Chaque année, le Téléthon recueille des dizaines de millions d’euros, ce qui en fait une des campagnes de dons les plus suivies et les plus médiatisées. En comparaison, la fondation de l’abbé Pierre reçoit bien peu d’offres de versements. Comment expliquer ce phénomène ?
Si l’on examine en détail le déroulement d’une soirée de Téléthon, on s’aperçoit que le clip pour la fondation de l’abbé Pierre arrive juste avant le Téléthon. On y voit des vagabonds en situation vivant le quotidien morne de la misère, dans des tons noir et blanc peu stimulants. Un tel message suscite peu d’appels de dons, mais il suscite un sentiment de culpabilité, parce qu’on n’a pas le réflexe de se jeter sur son téléphone pour donner. Or, ce sentiment de culpabilité peut susciter dans un second temps la générosité des téléspectateurs, et favoriser les dons en faveur du Téléthon.
Le sentiment de culpabilité engendre un comportement d’altruisme dans un délai de quelques secondes à quelques minutes, ce qui a été mis en évidence dans cette expérience :
Un psychologue, Richard Katzev, a mené des expériences dans un musée. Un expérimentateur déguisé en gardien s’approchait de certains visiteurs qui avaient eu l’imprudence de toucher les œuvres exposées. Il suscitait un sentiment de culpabilité chez eux, en les réprimandant vertement, en leur signalant qu’ils abîmaient des œuvres d’art précieuses, que cela, c’était interdit et qu’ils faisaient quelque chose de répréhensible.

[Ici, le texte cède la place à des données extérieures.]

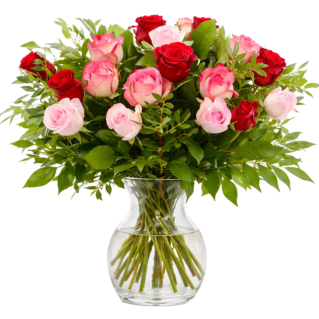 Boeket rode en roze rozen. Geschikt voor iedere gelegenheid, als bedankje, felicitatie, beterschap of sterkte.
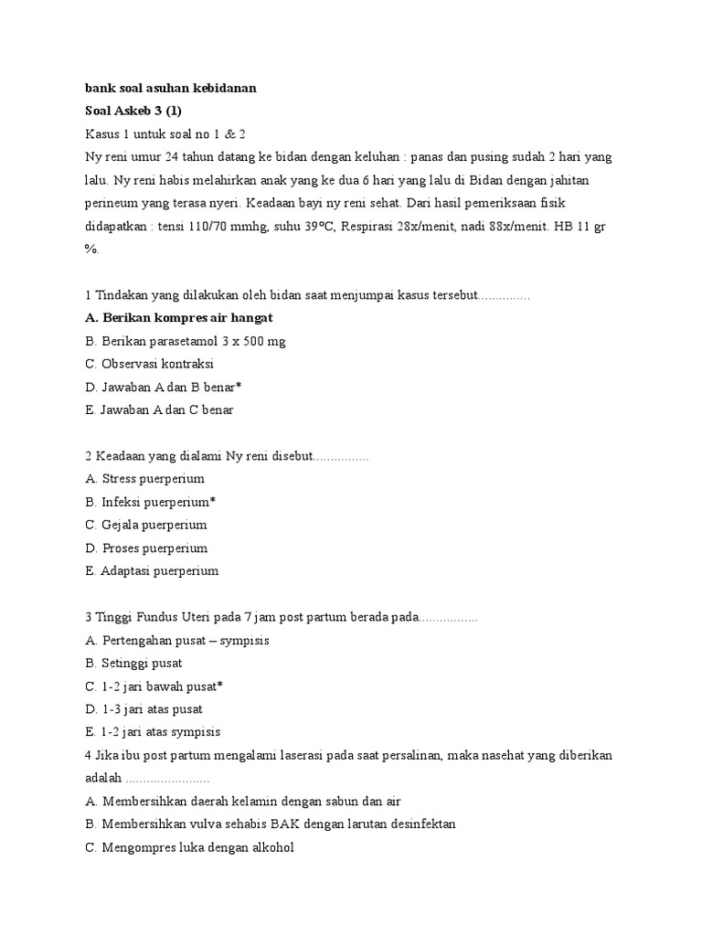 Menentukan diagnosa dan kebutuhan asuhan kebidanan dalam masa persalinan. Panas dan pusing sudah 2 hari yang lalu. Apa saja syarat standart pelayanan kebidanan ? Memberikan alur berpikir dalam pemecahan masalah atau pengambilan keputusan klinis d. Bank soal asuhan kebidanan soal askeb 3 (1) kasus 1 untuk soal no 1 & 2 ny reni umur 24 tahun datang ke bidan dengan keluhan : Panas dan pusing sudah 2 hari yang lalu. Contoh soal ujian patologi soal ujian i. U umur 36 th gvii pv ai, segera setelah plasenta lahir lengkap terjadi perdarhan, kontraksi uterus lembek serta tfu sulit di temukan. 6.apakah pengendalian kelahiran diperlukan selama kehamilan?
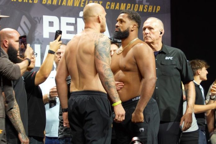 It certainly was early, with Spivac, a well-travelled Moldovan heavyweight, connecting a couple of times in the opening minute, drawing an immediate reaction from the crowd. “The Polar Bear” then backed Cortes-Acosta up against the fence, and caught a leg kick, dumping the former baseball player; to his credit, Cortes-Acosta quickly made his way back to his feet.
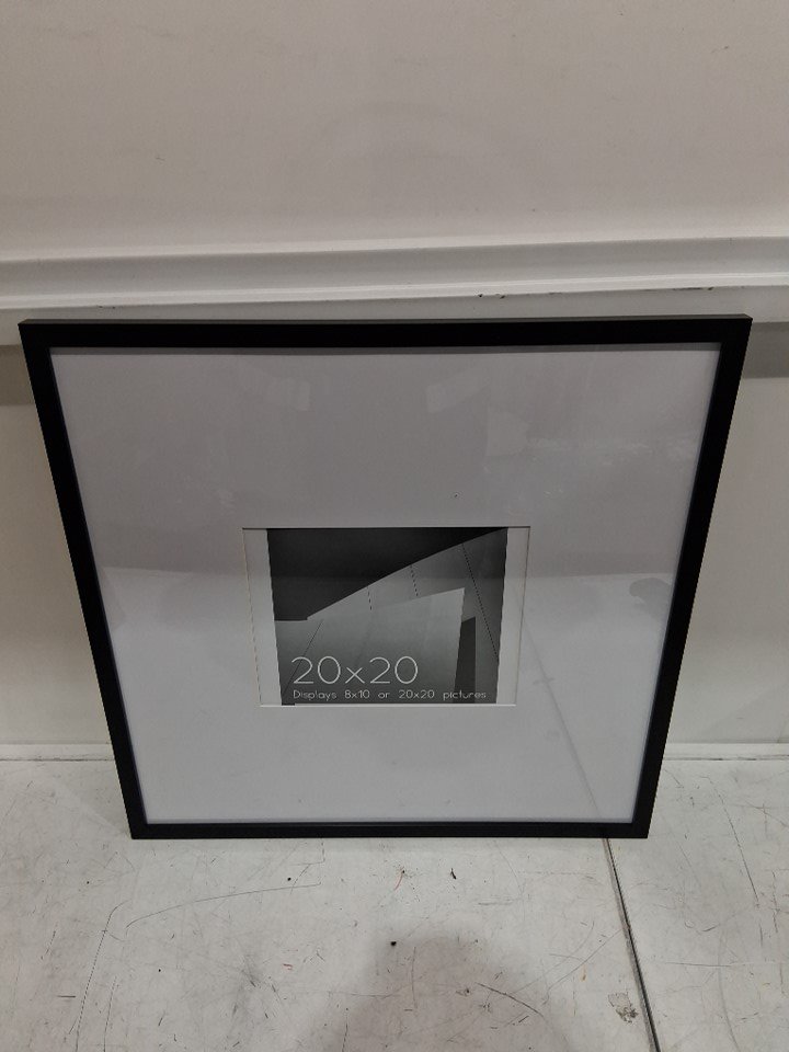 americanflat picture frame with polished plexiglass - 20" x 20" - 8" x 10" mat - black
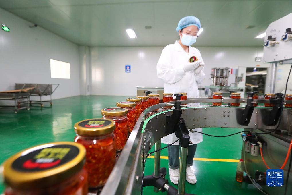 9月6日,在河南省商丘市柘城縣辣椒醬生產(chǎn)企業(yè),工作人員在灌裝生產(chǎn)線(xiàn)上工作。
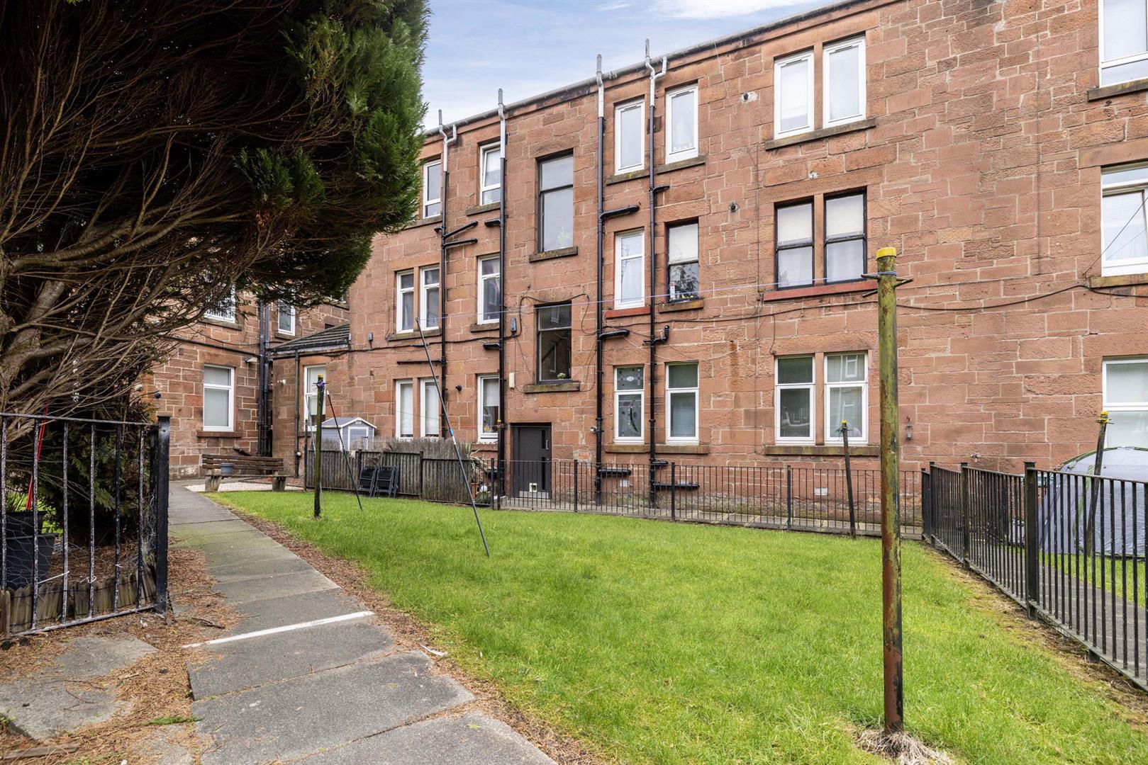 To the front and side, the property benefits from ample on street parking. Entrance is via a secure door entry system leading into the communal area which is clean and well presented. The rear gardens have been well maintained and benefit from a drying green and space to relax and enjoy some sunshine.

À leur sortie de la pièce, un autre complice laissait tomber devant ces infortunés visiteurs un sac rempli de stylos, de cartes et de pièces de monnaie. On observait alors les réactions des sujets. R. Katzev a constaté que les individus qui s’étaient sentis coupables d’avoir abîmé les œuvres d’art proposaient plus spontanément leur aide à l’infortuné visiteur qui avait laissé tomber ses affaires que les personnes n’ayant pas été réprimandées par le gardien.
Le sentiment de culpabilité éprouvé par ces visiteurs les avait incités inconsciemment à adopter des comportements altruistes, comme pour se faire pardonner ou se racheter.
Cette expérience révèle les effets de la culpabilité sur les comportements généreux et altruistes. Lorsqu’on fait naître un sentiment de culpabilité chez quelqu’un, on augmente la probabilité pour qu’il essaie de se racheter ultérieurement par un acte généreux. Dans la séquence d’images citée plus haut, les téléspectateurs qui ne donnent pas pour la fondation de l’abbé Pierre peuvent se sentir coupables de ne pas avoir fait ce geste, mais l’occasion de se racheter leur est présentée immédiatement après, lorsque s’ouvre la plage horaire du Téléthon.
Conclusion
La culpabilité est un fort moteur d’altruisme. Bien souvent, nous cherchons à effacer par une bonne action le sentiment d’avoir mal agi auparavant. Il ne s’agit pas forcément d’une préoccupation hautement morale. Certains auteurs font l’hypothèse que le sentiment d’avoir mal agi ternit l’image que nous avons de nous-mêmes, et que nous cherchons ensuite la première occasion de restaurer une image avantageuse. L’altruisme serait alors, comme bien souvent, une occasion de « s’acheter une bonne conscience ».